### [ACTIVITY]
Please retype the data in full and exactly; the pictures are not part of the copy.
──────── DATA UNDER STUDY ────────
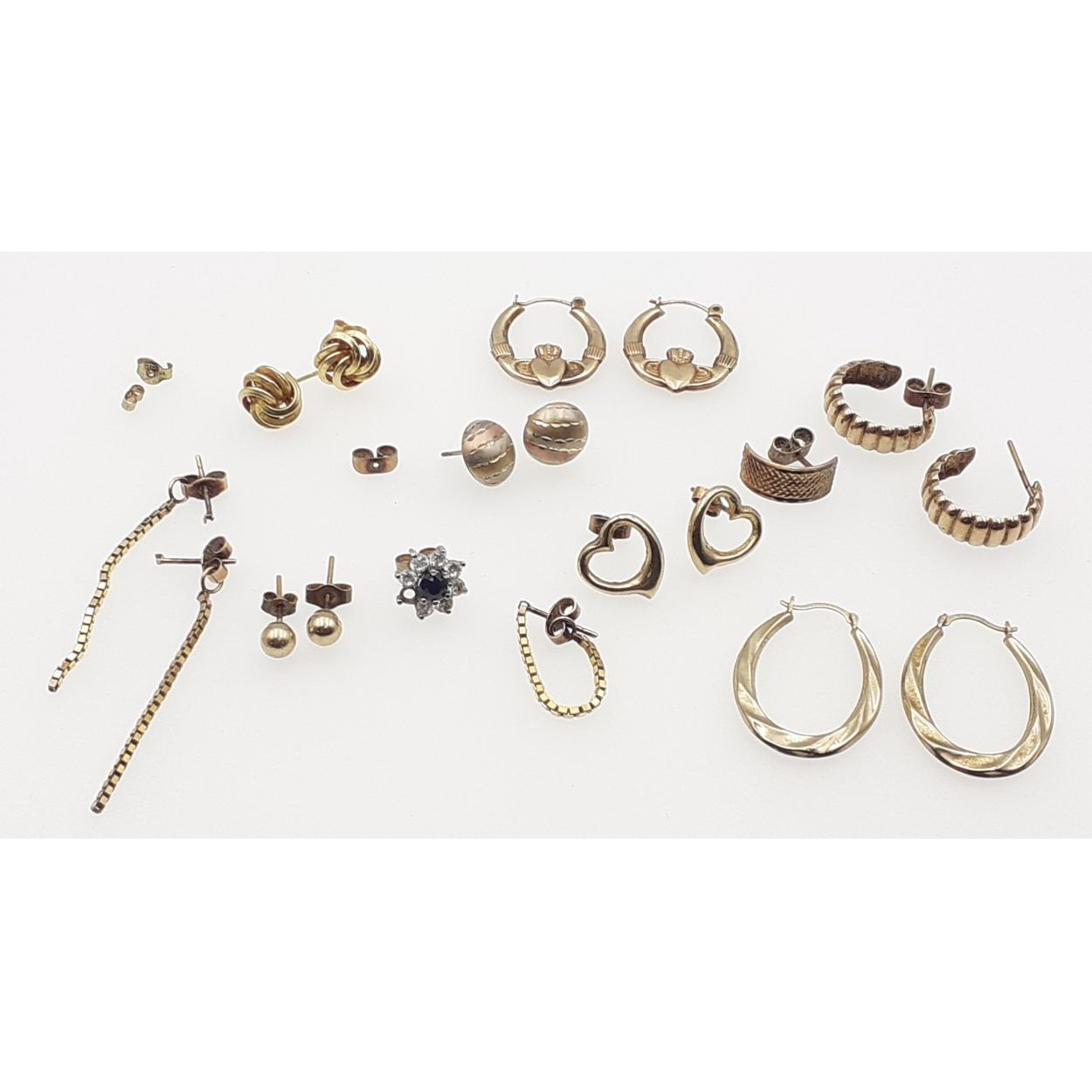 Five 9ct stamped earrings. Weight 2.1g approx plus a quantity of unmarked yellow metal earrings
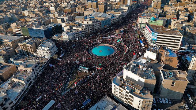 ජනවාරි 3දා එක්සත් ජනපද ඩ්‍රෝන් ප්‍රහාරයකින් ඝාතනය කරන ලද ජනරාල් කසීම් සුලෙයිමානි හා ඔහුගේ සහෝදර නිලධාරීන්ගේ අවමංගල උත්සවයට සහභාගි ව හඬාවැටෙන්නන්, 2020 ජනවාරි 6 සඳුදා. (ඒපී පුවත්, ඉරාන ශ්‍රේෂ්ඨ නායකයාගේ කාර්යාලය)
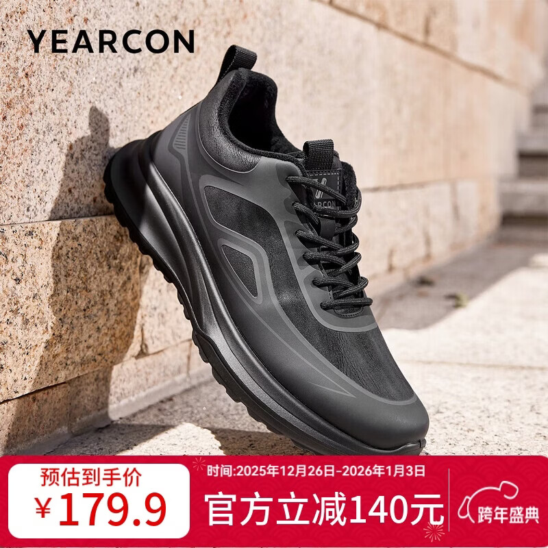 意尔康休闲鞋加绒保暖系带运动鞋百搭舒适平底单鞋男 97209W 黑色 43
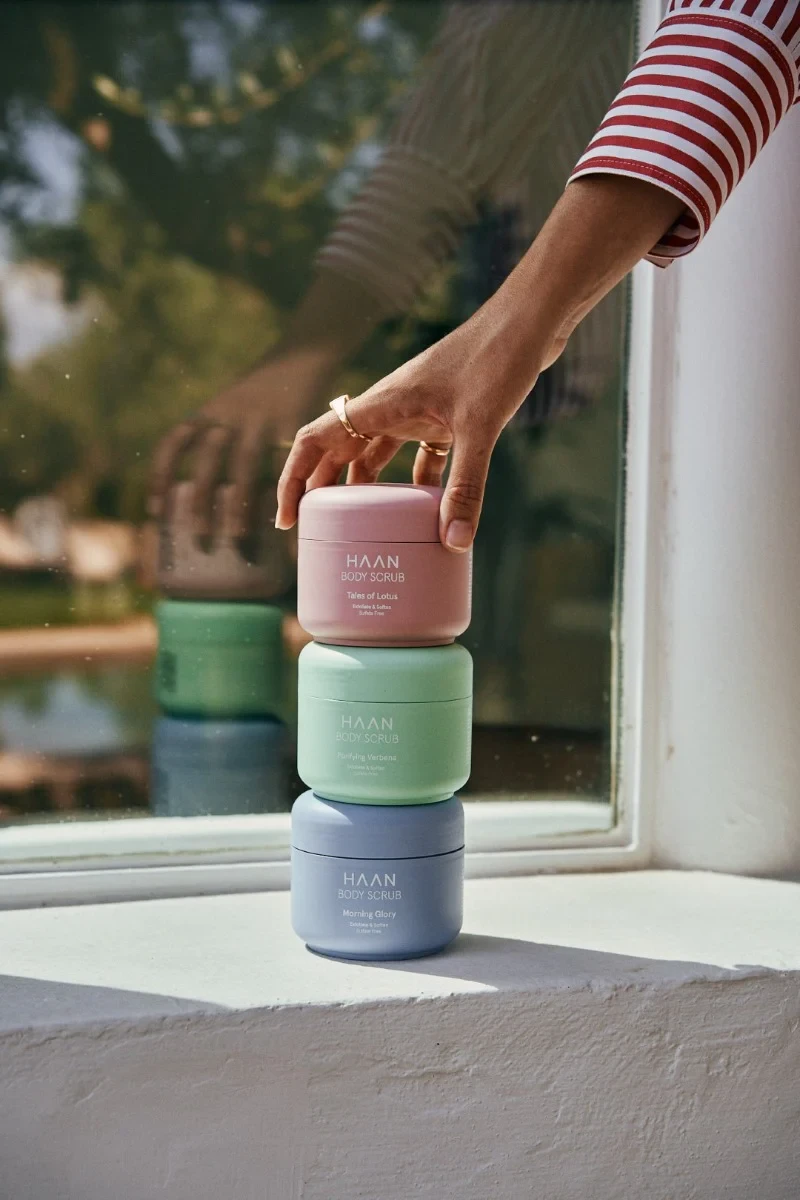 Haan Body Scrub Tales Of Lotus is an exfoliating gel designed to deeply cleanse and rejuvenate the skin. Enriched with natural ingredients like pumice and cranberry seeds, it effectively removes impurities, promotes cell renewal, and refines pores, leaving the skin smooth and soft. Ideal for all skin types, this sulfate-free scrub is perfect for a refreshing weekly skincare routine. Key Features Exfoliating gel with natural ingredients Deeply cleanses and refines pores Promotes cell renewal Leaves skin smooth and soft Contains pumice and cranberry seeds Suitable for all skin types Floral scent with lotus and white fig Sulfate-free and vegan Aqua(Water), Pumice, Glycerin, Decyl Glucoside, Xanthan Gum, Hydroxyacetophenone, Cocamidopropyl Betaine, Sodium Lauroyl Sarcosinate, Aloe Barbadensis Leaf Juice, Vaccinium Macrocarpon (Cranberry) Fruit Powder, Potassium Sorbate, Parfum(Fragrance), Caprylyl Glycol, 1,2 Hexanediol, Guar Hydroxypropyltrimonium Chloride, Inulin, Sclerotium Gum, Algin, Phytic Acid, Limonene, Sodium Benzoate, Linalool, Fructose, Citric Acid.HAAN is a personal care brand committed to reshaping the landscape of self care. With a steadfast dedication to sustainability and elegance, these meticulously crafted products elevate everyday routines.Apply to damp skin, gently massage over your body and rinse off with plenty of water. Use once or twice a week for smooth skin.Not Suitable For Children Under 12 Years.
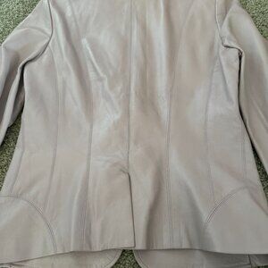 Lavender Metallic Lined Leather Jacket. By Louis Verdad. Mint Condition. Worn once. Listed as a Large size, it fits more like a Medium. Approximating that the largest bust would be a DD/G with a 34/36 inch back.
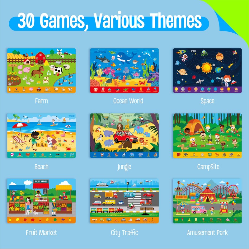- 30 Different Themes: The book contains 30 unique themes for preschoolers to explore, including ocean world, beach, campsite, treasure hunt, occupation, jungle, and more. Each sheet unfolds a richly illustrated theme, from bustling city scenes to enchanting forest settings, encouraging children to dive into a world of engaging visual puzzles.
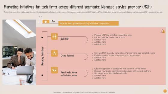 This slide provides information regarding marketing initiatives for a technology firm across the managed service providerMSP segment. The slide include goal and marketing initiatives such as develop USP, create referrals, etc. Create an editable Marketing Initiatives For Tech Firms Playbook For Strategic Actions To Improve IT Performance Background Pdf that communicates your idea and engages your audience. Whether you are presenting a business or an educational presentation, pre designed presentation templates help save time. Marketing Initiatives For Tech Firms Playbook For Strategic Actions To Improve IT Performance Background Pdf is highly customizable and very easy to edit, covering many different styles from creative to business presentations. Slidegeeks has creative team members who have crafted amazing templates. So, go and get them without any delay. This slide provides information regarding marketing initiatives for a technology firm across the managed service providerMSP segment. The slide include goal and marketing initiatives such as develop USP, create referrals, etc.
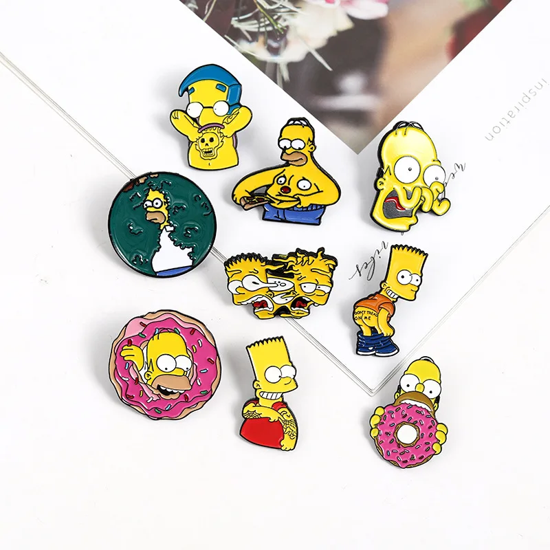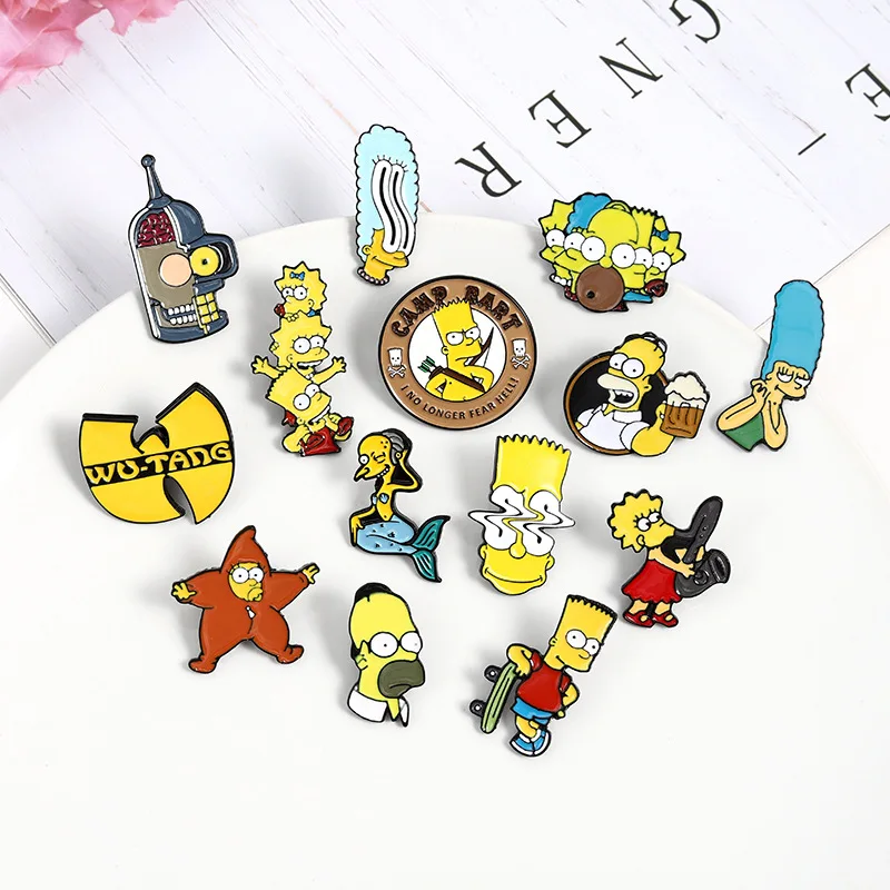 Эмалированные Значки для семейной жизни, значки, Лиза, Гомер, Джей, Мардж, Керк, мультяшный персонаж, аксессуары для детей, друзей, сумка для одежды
────────
### [RESPONSE BELOW]
 Five 9ct stamped earrings. Weight 2.1g approx plus a quantity of unmarked yellow metal earrings
 ජනවාරි 3දා එක්සත් ජනපද ඩ්‍රෝන් ප්‍රහාරයකින් ඝාතනය කරන ලද ජනරාල් කසීම් සුලෙයිමානි හා ඔහුගේ සහෝදර නිලධාරීන්ගේ අවමංගල උත්සවයට සහභාගි ව හඬාවැටෙන්නන්, 2020 ජනවාරි 6 සඳුදා. (ඒපී පුවත්, ඉරාන ශ්‍රේෂ්ඨ නායකයාගේ කාර්යාලය)
 意尔康休闲鞋加绒保暖系带运动鞋百搭舒适平底单鞋男 97209W 黑色 43
 Haan Body Scrub Tales Of Lotus is an exfoliating gel designed to deeply cleanse and rejuvenate the skin. Enriched with natural ingredients like pumice and cranberry seeds, it effectively removes impurities, promotes cell renewal, and refines pores, leaving the skin smooth and soft. Ideal for all skin types, this sulfate-free scrub is perfect for a refreshing weekly skincare routine. Key Features Exfoliating gel with natural ingredients Deeply cleanses and refines pores Promotes cell renewal Leaves skin smooth and soft Contains pumice and cranberry seeds Suitable for all skin types Floral scent with lotus and white fig Sulfate-free and vegan Aqua(Water), Pumice, Glycerin, Decyl Glucoside, Xanthan Gum, Hydroxyacetophenone, Cocamidopropyl Betaine, Sodium Lauroyl Sarcosinate, Aloe Barbadensis Leaf Juice, Vaccinium Macrocarpon (Cranberry) Fruit Powder, Potassium Sorbate, Parfum(Fragrance), Caprylyl Glycol, 1,2 Hexanediol, Guar Hydroxypropyltrimonium Chloride, Inulin, Sclerotium Gum, Algin, Phytic Acid, Limonene, Sodium Benzoate, Linalool, Fructose, Citric Acid.HAAN is a personal care brand committed to reshaping the landscape of self care. With a steadfast dedication to sustainability and elegance, these meticulously crafted products elevate everyday routines.Apply to damp skin, gently massage over your body and rinse off with plenty of water. Use once or twice a week for smooth skin.Not Suitable For Children Under 12 Years.
 Lavender Metallic Lined Leather Jacket. By Louis Verdad. Mint Condition. Worn once. Listed as a Large size, it fits more like a Medium. Approximating that the largest bust would be a DD/G with a 34/36 inch back.
- 30 Different Themes: The book contains 30 unique themes for preschoolers to explore, including ocean world, beach, campsite, treasure hunt, occupation, jungle, and more. Each sheet unfolds a richly illustrated theme, from bustling city scenes to enchanting forest settings, encouraging children to dive into a world of engaging visual puzzles.
 This slide provides information regarding marketing initiatives for a technology firm across the managed service providerMSP segment. The slide include goal and marketing initiatives such as develop USP, create referrals, etc. Create an editable Marketing Initiatives For Tech Firms Playbook For Strategic Actions To Improve IT Performance Background Pdf that communicates your idea and engages your audience. Whether you are presenting a business or an educational presentation, pre designed presentation templates help save time. Marketing Initiatives For Tech Firms Playbook For Strategic Actions To Improve IT Performance Background Pdf is highly customizable and very easy to edit, covering many different styles from creative to business presentations. Slidegeeks has creative team members who have crafted amazing templates. So, go and get them without any delay. This slide provides information regarding marketing initiatives for a technology firm across the managed service providerMSP segment. The slide include goal and marketing initiatives such as develop USP, create referrals, etc.
 Эмалированные Значки для семейной жизни, значки, Лиза, Гомер, Джей, Мардж, Керк, мультяшный персонаж, аксессуары для детей, друзей, сумка для одежды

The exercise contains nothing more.